コウモリのフンの掃除の仕方は3つの順番|まず糞の主を確かめます
ベランダの床に、黒い粒が並んで落ちている。
拭いても、数日でまた同じ場所に落ちる。
「コウモリのフンの掃除の仕方」を公的資料で探しました。結論から書くと、掃除の手順そのものを書いた資料は見つかりませんでした。
かわりに分かったのは、順番です。掃除の前にやることが2つあります。
- 掃除の手順を書いた公的資料は見つからなかった(当サイトが確認した範囲)
- 分かるのは順番。①糞の主を確かめる → ②追い出して塞ぐ → ③掃除する
- 京都市は「ネズミの糞と間違えた相談が多い」と書いている
- 掃除で気をつけるのは吸い込まないこと。厚労省は濡らすことと防塵マスクを挙げている

「拭いてもまた落ちている」という状態なら、掃除より先にやることが残っています。
先に、正直なところを書きます。
自治体や国の資料に、「コウモリのフンをこう掃除する」という手順は載っていませんでした。
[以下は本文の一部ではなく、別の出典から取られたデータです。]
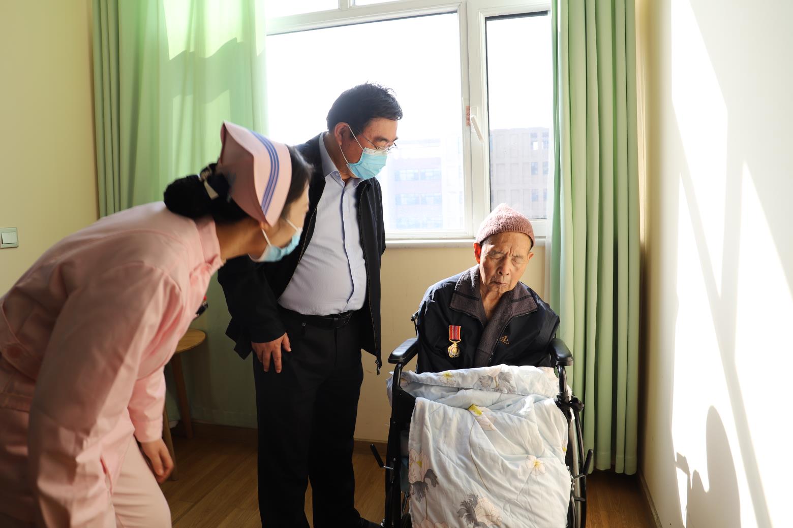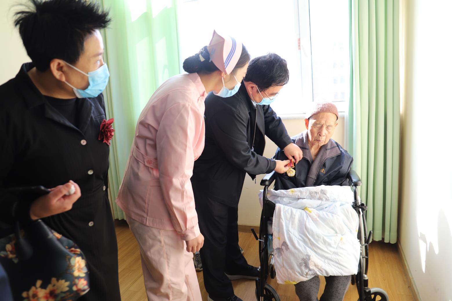 10月19日,临沂市粮食和物资储备局党组成员、副局长张洁,带领局机关科室工作人员走访慰问了抗美援朝老战士王万明。居住在兰山睿雅中医院养老中心的王万明,今年90周岁,1948年入伍,参加中国人民志愿军赴朝作战,在部队荣立三等功2次,团通报奖励1次。退役后在临沂地区粮食局(现临沂市粮食和物资储备局)工作。得知王万明老兵由于年事已高、因病休养的情况后,市粮食和物资储备局多次组织人员到王老家中进行走访慰问。张洁同志与其家属亲切交谈,详细询问老人的身体状况和生活起居,感谢老人为祖国和人民作出的贡献,并亲自为王万明同志戴上了中国人民志愿军抗美援朝出国作战70周年纪念章。

自治体のコウモリのページに書かれているのは、次のようなことです。
- 市では駆除や捕獲を行っていない
- 捕獲・殺傷は法律で禁止されている
- 素手で触らない
- 追い出して、侵入口を塞ぐ
※出典:つくばみらい市「コウモリを見かけたら」(2026年8月30日確認)
「掃除」ではなく「塞ぐ」ことが書かれています。
これは資料の手抜きではなく、順番の話だと読めます。塞がないかぎり、フンは落ち続けるからです。理由は3章で見ます。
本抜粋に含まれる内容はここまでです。